If anything could be said about me/It’d be that I’m a winner who loves competition/I’ve been this way since I was 3. Grace is singing while emphatically fighting off different sea creatures like a Marvel superhero. From beating her sisters in a tree-climbing contest to tackling the high school quarterback when she wasn’t allowed to join the team, Grace has never backed down in any battle. I never lose, she repeats as she kicks away the three eels sparking with electricity.
“That's the most physical thing I've ever had happen in any of my shows,” says Justin Huertas, the playwright of The Last World Octopus Wrestling Champion. The musical, which was put on in 2019 by ArtsWest Playhouse and Gallery in Seattle, centers around the title character, Grace, who is “a badass Filipino mom.” After winning the World Octopus Wrestling Championship when she was 25, Grace kept the octopus instead of returning it to the sea, breaking a pact between humans and the underworld. That octopus splits in half and turns into two children: Lee and her new love interest, Nia. Lee starts showing more and more octopus-like tendencies, and Grace’s fights against the undertow become even more taxing.
The singing and choreography involved in Grace’s songs were likely more physically demanding than what was required in the real underwater competitions. But Huertas was inspired more by mythology than actual wrestling. All of his musicals are rooted in fantasy, centered around marginalized heroes and queer love, and set in Seattle, which means he likes to pull from common tales of the region. When he was commissioned to write this musical, he was inspired by the legend of how Galloping Gertie collapsed.
“As a kid, every time we drove across Narrows Bridge,” Huertas says, “I would look at the water and be like, You're out there somewhere.”

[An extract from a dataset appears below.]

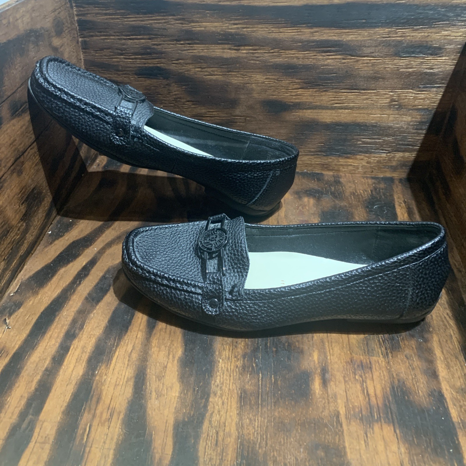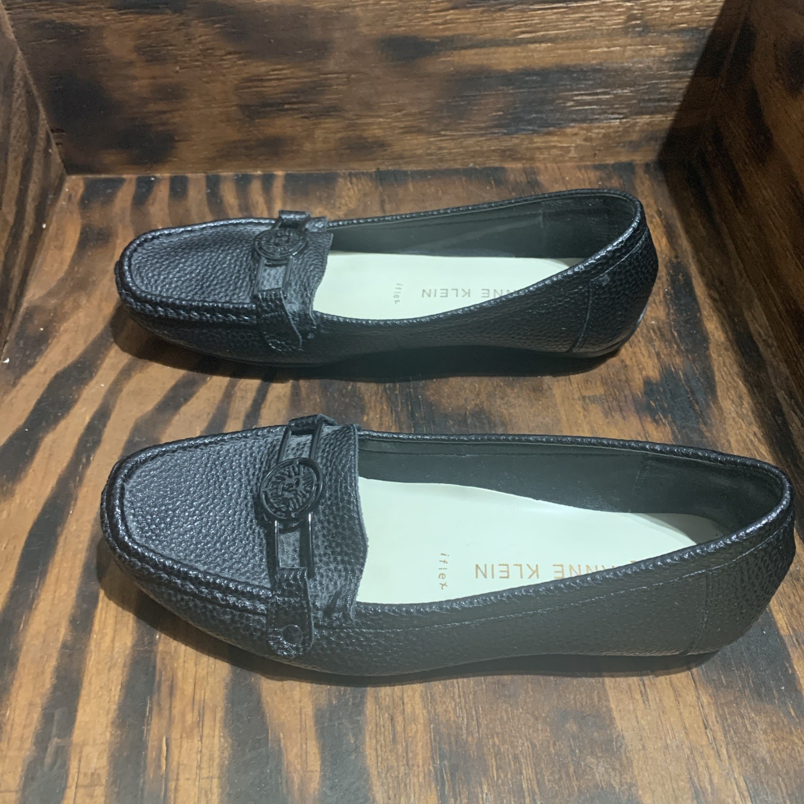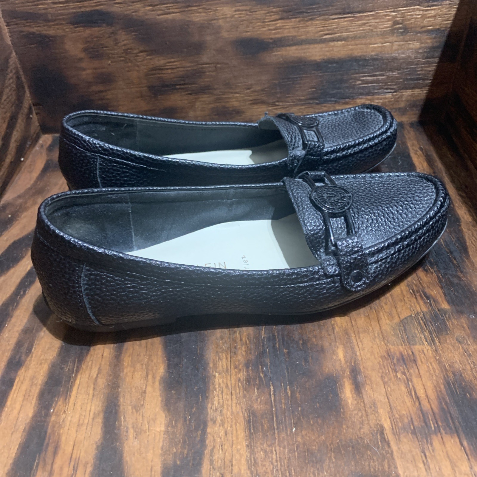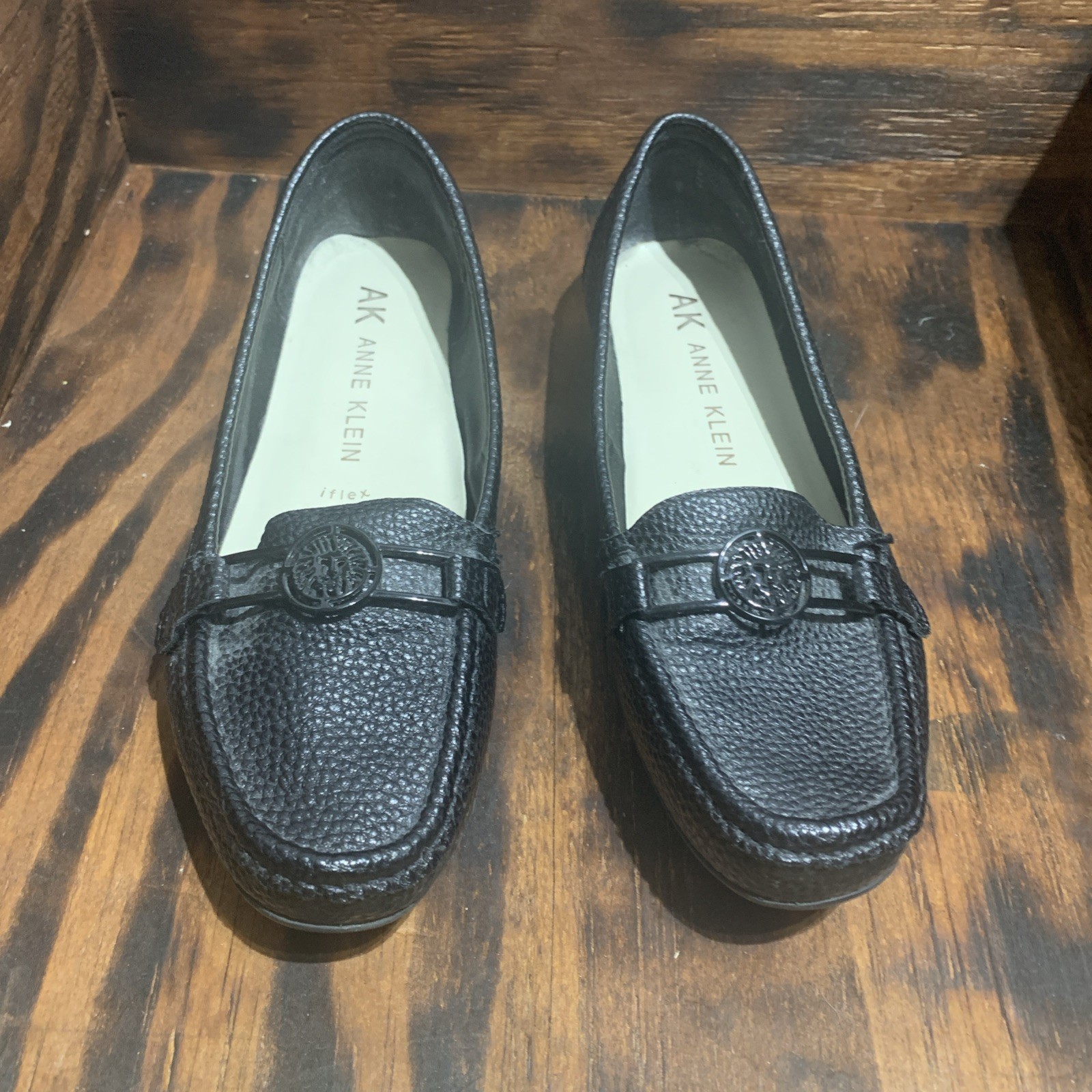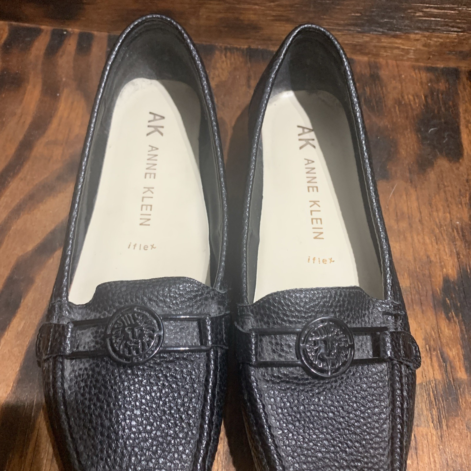 AK Anne Klein Women Iflex Faux Black Leather Flats size 7M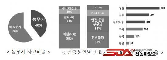 ÃÖ±Ù 5³â°£(¡¯19~¡¯23³â) ¼±¹Ú»ç°í Åë°è¸¦ ºÐ¼®ÇÑ °á°ú Àüü 19,317ô Áß ³ó¹«±â¿¡ 40%(7,742ô)°¡ ¹ß»ý, ±×Áß ¾î¼±(³¬½Ã)¡¤·¹Àú¼±¹ÚÀÇ »ç°í ºñÀ²ÀÌ 81%(6,305ô)·Î °¡Àå ³ô¾Ò°í Åë°è´Â ´ÙÀ½°ú °°¾Ò´Ù.

Like the story of the 600-pound octopus that was apparently tired of looking at the shoddy craftsmanship of that bridge, octopus wrestling, too, has been lost to the passage of time—and laws. The championship fizzled out in the mid 1960s, and in ’76 the harassment or capture of an octopus without the intent of eating it was officially made illegal by the state of Washington; hunting giant Pacific octopuses is even prohibited in many areas around the Puget Sound today.
But the Pacific Northwest’s iconic creature is making its athletic return. Hockey hasn’t been in the area since the Seattle Totems of the Western Hockey League dissolved in 1975, but now there will be Kraken scrapping. Just don’t expect to see any octopuses wrestling.